### Problem details
Below are some entries. Return exactly the lines from the one with "經過精心組織與籌備,新西亞鋁" through the final line, leaving out any pictures.

### Given records
··········
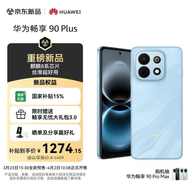 3月23日,华为在春季全场景新品发布会上推出畅享90系列和华为Mate 80 Pro Max风驰,其中畅享90系列,包含标准版、Plus和Pro Max三款机型。价格方面,华为畅享90系列起售价1299元,华为Mate 80 Pro Max风驰版起售价8499元。目前,以上机型已在京东开启预售,华为畅享90 Plus和Pro Max机型将于4月2日10:08开售,标准版将于4月23日10:08开售,华为Mate 80 Pro Max风驰版3月27日10:08开售。为帮助用户更轻松换新机,针对华为畅享90 Plus、Pro Max,京东推出了6期免息、以旧换新至高补贴500元、一年只换不修服务,还可叠加国家补贴15%使用,进一步降低购机门槛。此外,京东PLUS会员购买华为 Mate 80 Pro Max风驰版,还可享180天“只换不修”专属保障。
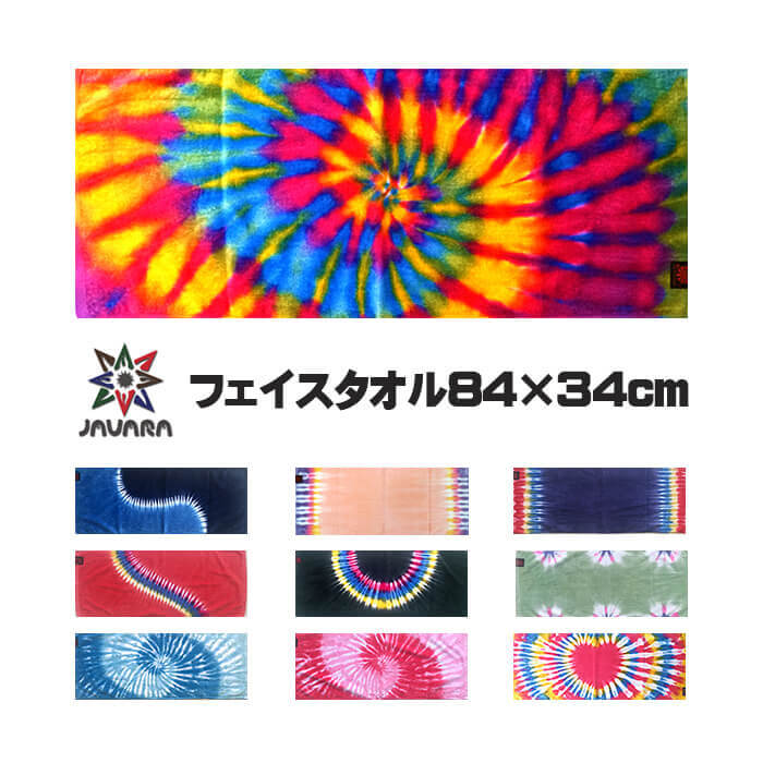 JAVARA タイダイ フェイスタオル 84×34cm タオル タイダイ ヨガ フェス スポーツタオル
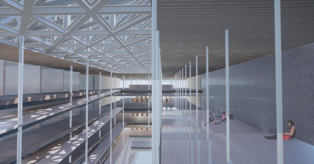 The sections vividly illustrate the progression of the central ramp as it descends from the sunken plaza into the heart of the library. This arrangement is to unfold a sequence of discovery. As visitors traverse the ramp, they are gradually exposed to new perspectives of the central void.
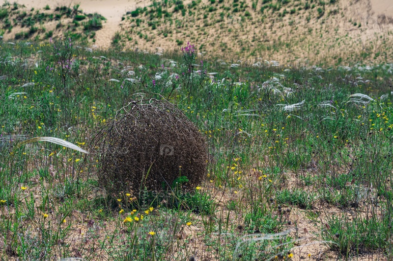 Перекати-поле катится по сухой ковыльной степи
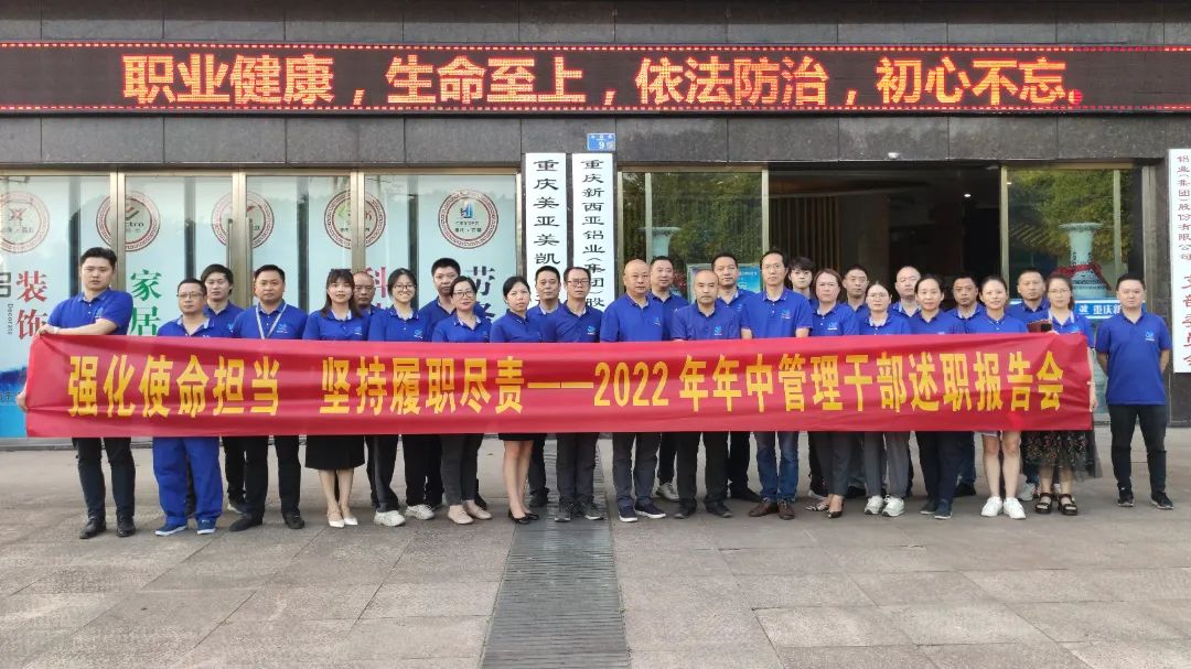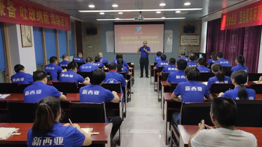 經過精心組織與籌備,新西亞鋁業集團“強化使命擔當,堅持履職盡責”——2022年上半年管理干部述職會于7月5日下午在新西亞商學院如期召開,公司經營班子成員、中高層管理干部以及員工代表共計50余名參加了會議,運營保障部經理馮遠道主持會議。
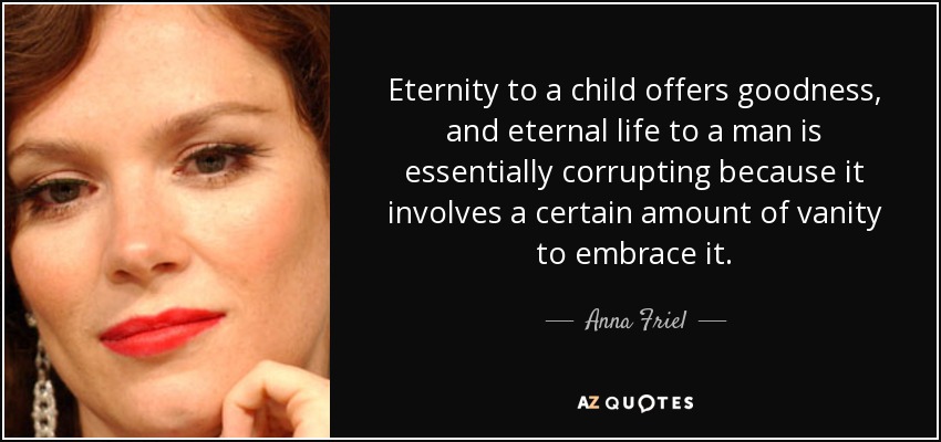 Eternity to a child offers goodness, and eternal life to a man is essentially corrupting because it involves a certain amount of vanity to embrace it.
··········
### Response
 經過精心組織與籌備,新西亞鋁業集團“強化使命擔當,堅持履職盡責”——2022年上半年管理干部述職會于7月5日下午在新西亞商學院如期召開,公司經營班子成員、中高層管理干部以及員工代表共計50余名參加了會議,運營保障部經理馮遠道主持會議。
 Eternity to a child offers goodness, and eternal life to a man is essentially corrupting because it involves a certain amount of vanity to embrace it.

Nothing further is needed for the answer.